TASK INPUT

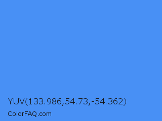 YUV 133.986,54.73,-54.362 Color is a light blue color and the nearest color is Blueberry #4f86f7. Hex code #4890f5 and RGB value is rgb(72,144,245). In RGB color space, this color is composed of 28% red, 56% green, 96% blue, In CMYK color space, this color is composed of 71% cyan, 41% magenta, 0% yellow , 4% black , In HSL color space, this color has a hue angle of 215° , 90% saturation and 62% lightness.
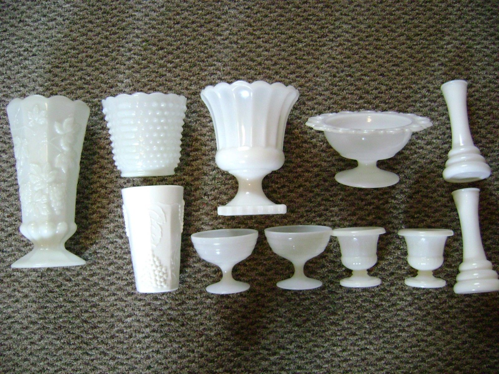 Title (ebay affiliate link): Lot of 11 vintage Milk Glass pieces. Vases, Bowl, Tumbler, etc.
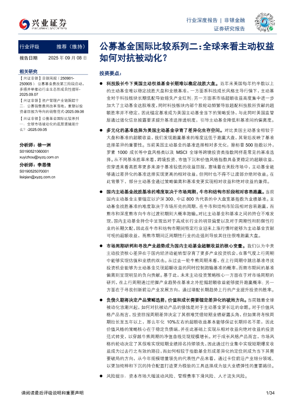 【兴业证券】【202509】公募基金国际比较系列二:全球来看主动权益如何对抗被动化?-34页
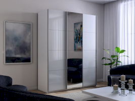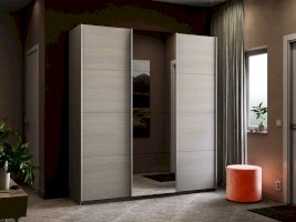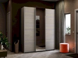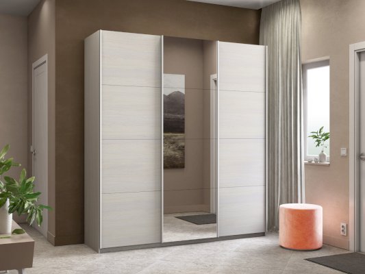 Серия «Прайм» отличается доступностью и функциональностью Навесные двери и лаконичная отделка фасадов создают прогрессивный дизайн. Подойдет тем, кто любит компактную и изящную мебель. Алюминиевые ручки и верхний ходовой профиль обеспечивают легкость и прочность конструкции. Многолетняя безупречная работа благодаря высококачественной немецкой фурнитуре Hettich. Прочная ПВХ-кромка толщиной до 1 мм защищает края от сколов и повреждений. Плавный ход дверей обеспечивает надежная система Hettich Top Line M. Дополнительно можно установить доводчики. Снаружи нет заглушек и винтов благодаря стяжечной системе крепления полок на флипперах, а корпус усилен эксцентриковыми стяжками. Навесные двери скрывают раздвижной механизм от глаз. Они надежно удерживаются в направляющих и не соскакивают. Каждая дверь поделена на 4 секции Секции расставляются в произвольном порядке, создавая новый дизайн фасада.
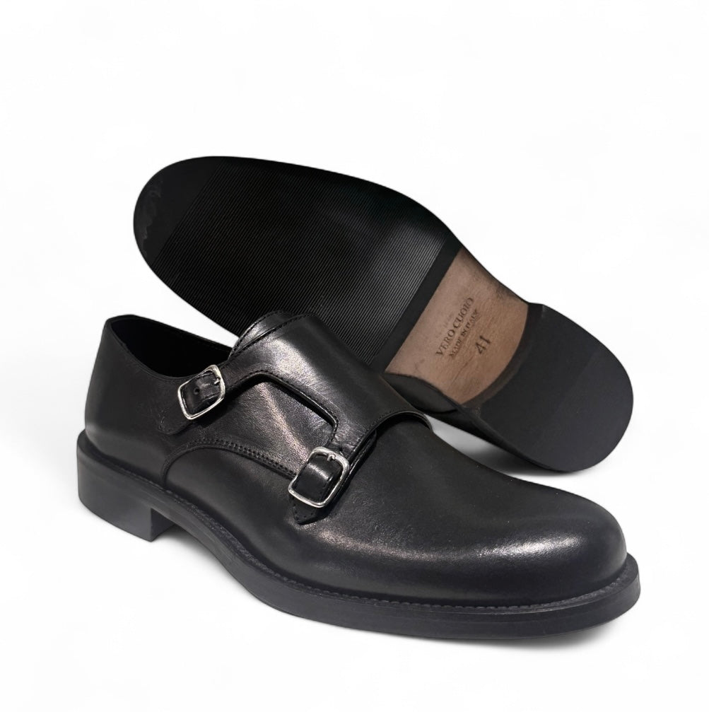 Doppia fibbia in vitello nero e fondo cuoio con gomma antiscivolo
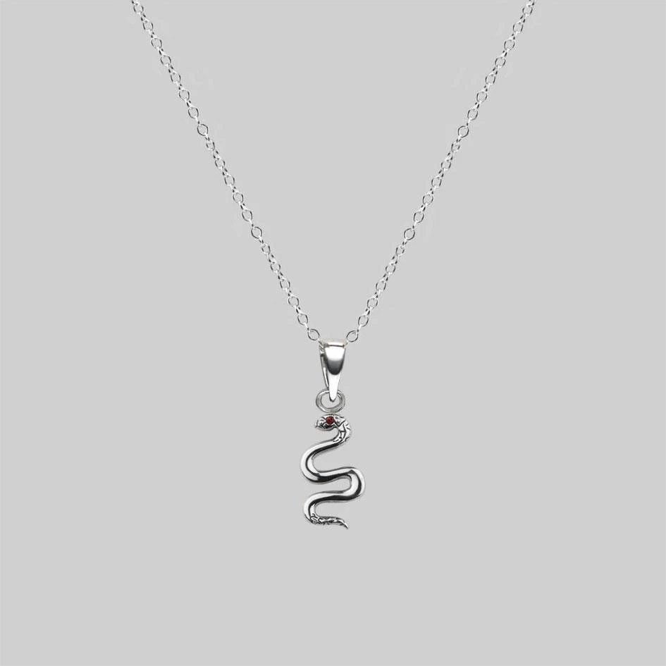 Delicate necklace featuring a tiny snake with deep red Garnet gemstone set eye.

WHAT YOU ARE ASKED TO DO
Please transcribe every entry above exactly, leaving out any pictures.

RESPONSE TO THE TASK
 YUV 133.986,54.73,-54.362 Color is a light blue color and the nearest color is Blueberry #4f86f7. Hex code #4890f5 and RGB value is rgb(72,144,245). In RGB color space, this color is composed of 28% red, 56% green, 96% blue, In CMYK color space, this color is composed of 71% cyan, 41% magenta, 0% yellow , 4% black , In HSL color space, this color has a hue angle of 215° , 90% saturation and 62% lightness.
 Title (ebay affiliate link): Lot of 11 vintage Milk Glass pieces. Vases, Bowl, Tumbler, etc.
 【兴业证券】【202509】公募基金国际比较系列二:全球来看主动权益如何对抗被动化?-34页
 Серия «Прайм» отличается доступностью и функциональностью Навесные двери и лаконичная отделка фасадов создают прогрессивный дизайн. Подойдет тем, кто любит компактную и изящную мебель. Алюминиевые ручки и верхний ходовой профиль обеспечивают легкость и прочность конструкции. Многолетняя безупречная работа благодаря высококачественной немецкой фурнитуре Hettich. Прочная ПВХ-кромка толщиной до 1 мм защищает края от сколов и повреждений. Плавный ход дверей обеспечивает надежная система Hettich Top Line M. Дополнительно можно установить доводчики. Снаружи нет заглушек и винтов благодаря стяжечной системе крепления полок на флипперах, а корпус усилен эксцентриковыми стяжками. Навесные двери скрывают раздвижной механизм от глаз. Они надежно удерживаются в направляющих и не соскакивают. Каждая дверь поделена на 4 секции Секции расставляются в произвольном порядке, создавая новый дизайн фасада.
 Doppia fibbia in vitello nero e fondo cuoio con gomma antiscivolo
 Delicate necklace featuring a tiny snake with deep red Garnet gemstone set eye.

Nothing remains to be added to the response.